Eu acho que a base nacional representa um grande passo para o Brasil. Ela define expectativas para todos os alunos brasileiros, de todos os estados, municípios, de todas as escolas. Isso é uma obrigação do Estado, está na Lei de Diretrizes e Bases (LDB), mas nunca existiu antes. Então é um grande passo para melhorar a qualidade da educação no país, mas é preciso um esforço sério dos governos federal, estadual e municipais para a implementação na base.
Alguns pesquisadores, inclusive nos Estados Unidos, são contra uma espécie de currículo nacional e afirmam que seria ingenuidade acreditar que um documento vai transformar a educação diante de tantos outros problemas que precisam ser superados, como a estrutura deficiente das escolas e a baixa remuneração dos professores. Como o senhor vê isso?
É verdade, as escolas brasileiras têm muitos problemas fundamentais. Mas a base dá condições de enfrentar esses problemas porque a implementação precisa estar combinada com melhorias da formação profissional dos professores, da estrutura e dos livros didáticos. Mas esperar a solução de todos os problemas fundamentais do Brasil antes é esperar até o fim do mundo.

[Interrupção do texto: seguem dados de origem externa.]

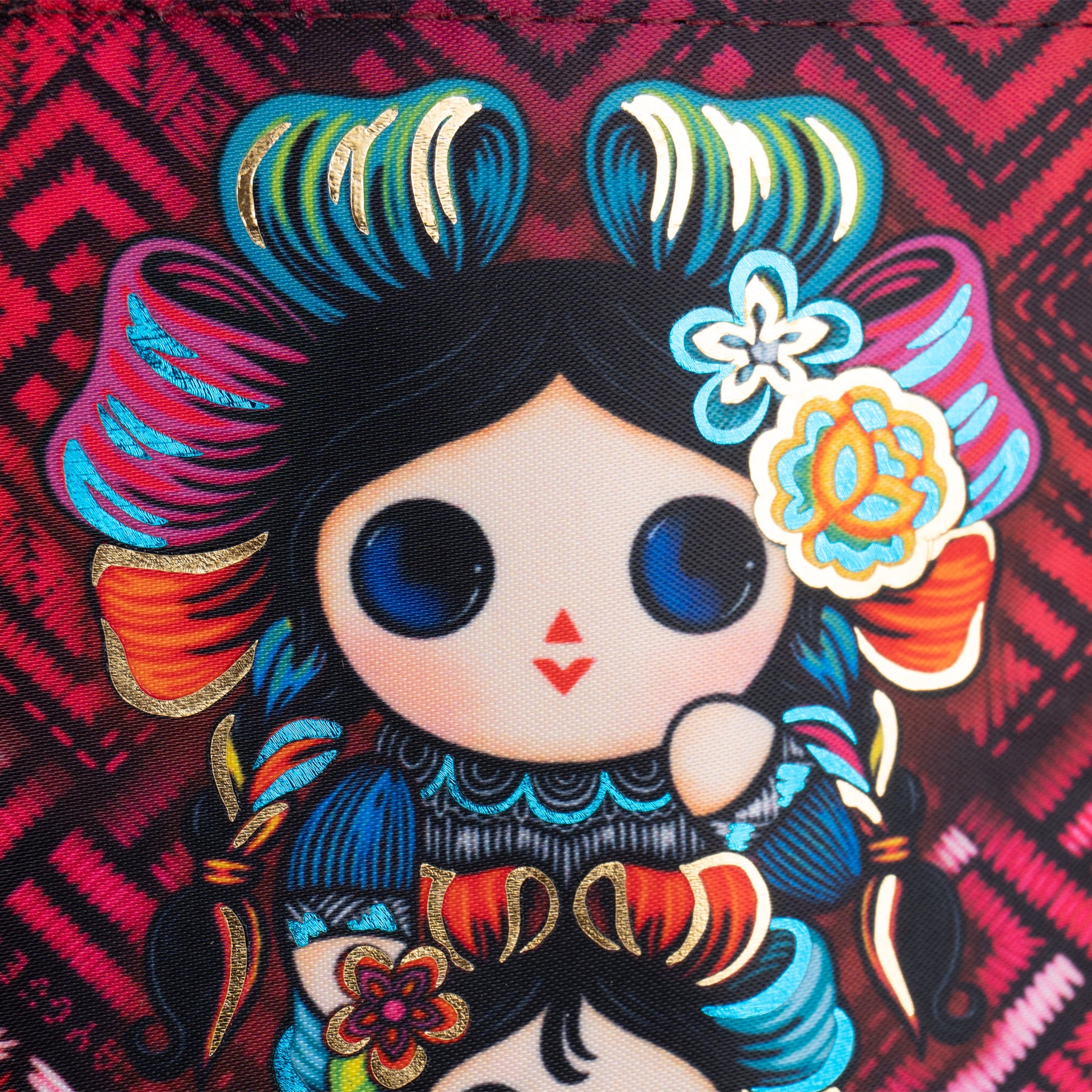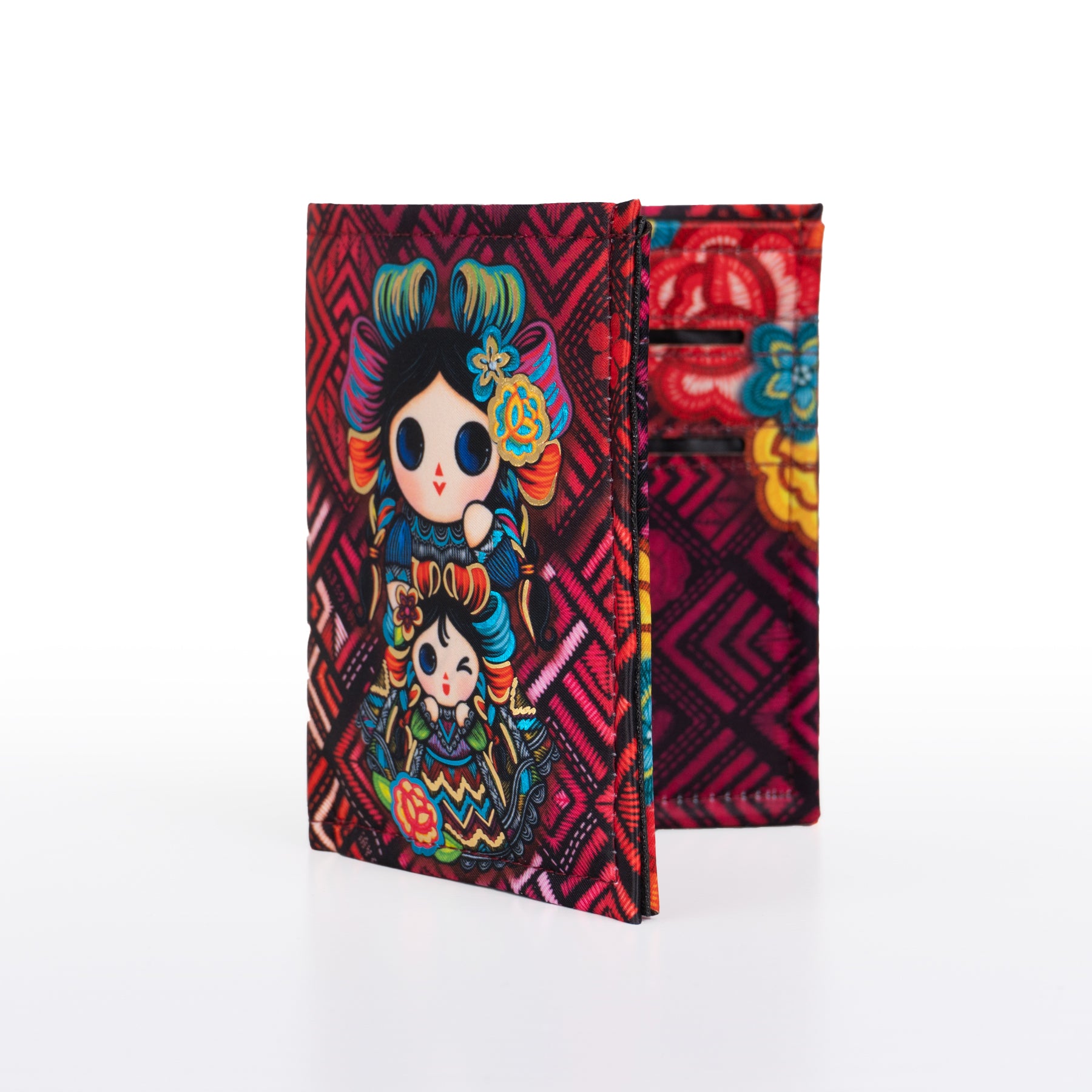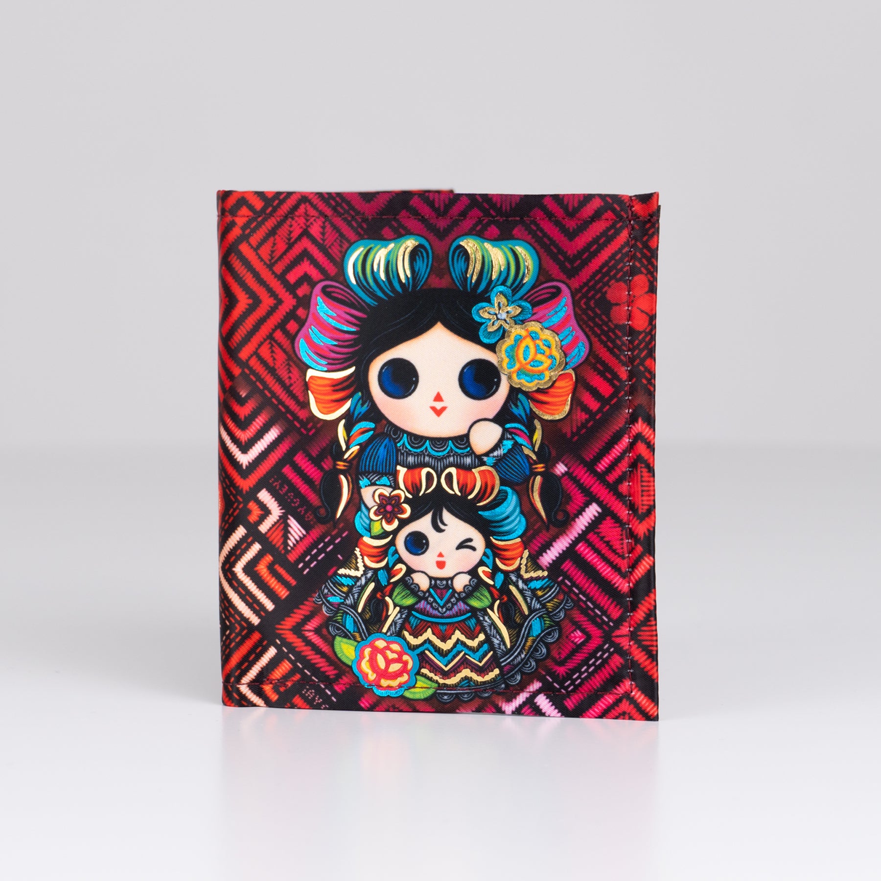 Billetera en tonos rojos y foil metalizado que tiene como protagonista a nuestra muñeca Petrita y una pequeña acompañante.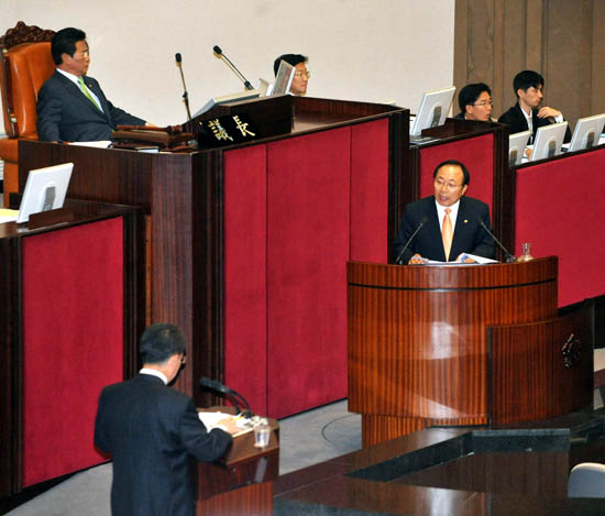 임의원은 특히 지역균형발전과 관련, 행복도시 이전 부처고시와 세종특별자치시 특별법안 제출을 아직도 안하고 있는 이유와 국제과학비지니스벨트 조성사업 추진의지를 따졌다.

Como o senhor avalia a implementação da Common Core, o currículo nacional nos Estados Unidos. Tem problemas também?
Tem problemas políticos e técnicos. Do lado político, em alguns estados, como na Califórnia, está dando certo, mas é um processo de anos, não de uma mudança rápida. Nós adotamos em 2010 na Califórnia e, depois de oito anos, podemos dizer que está dando certo. Mas tem estados que nunca adotaram porque não gostam desse modelo. E tem ainda os que adotaram, mas o Common Core fracassou. É o caso de Nova York, onde não funcionou porque houve uma briga política entre o governo e sindicatos. Também tem problemas técnicos, ligados à implementação, de guardar o tempo necessário para implementar efetivamente o modelo. Por exemplo, a formação de professores leva anos, não se muda de um dia para outro. Em Nova York houve mudança no modelo de avaliação antes de se alterar a formação dos docentes. Os professores reclamaram que não entendiam o conteúdo da Common Core e já tinham de aplicar o novo modelo de avaliação. Na Califórnia, primeiro se alterou a formação, depois se pensou nas avaliações.
O governo brasileiro tem citado experiências de outros países, inclusive dos EUA, para defender um modelo flexível de Ensino Médio. O senhor pode explicar como funciona para os estudantes americanos?
Nos Estados Unidos temos um currículo bem definido para o Ensino Médio, que, em geral, é orientado para acesso à Educação Superior. Inclui inglês, línguas estrangeiras, ciências humanas, ciências naturais, matemática e artes. Esse currículo vale para todos os alunos e, para se graduar, o estudante precisa cumprir um número de 15, 20 cursos entre essas várias disciplinas. Para nós, isso significa flexibilidade, porque ele pode escolher dentro dessas disciplinas. Mas é uma base forte.
E esse modelo da reforma do Ensino Médio no Brasil. O senhor concorda?
O currículo nos EUA com múltiplas disciplinas oferece uma educação compreensiva, importante para todos os alunos, sejam americanos ou brasileiros. Mas uma flexibilidade muito prematura eu considero preocupante. A maioria dos alunos não sabe o que quer fazer no futuro quando ingressa no Ensino Médio e essa preparação para um mercado de trabalho incerto é complicada. Então, quebrar a rigidez do currículo é importante, mas no meu ver essa ideia de trilhas especializadas não dará certo.
O senhor demonstrou preocupação, em sua palestra, sobre o teto dos gastos. Esses recursos limitados para a educação podem comprometer a implementação da base?
Sim, o teto dos gastos é um obstáculo para a implementação. Recursos facilitam a mudança, com recursos se pode fazer coisas novas e melhorar a qualidade. A gente já enfrenta, aqui no Brasil e também nos Estados Unidos, uma briga política por mais verba para a educação, mas é preciso ter a compreensão que para mudar o sistema, para avançar, os recursos são fundamentais.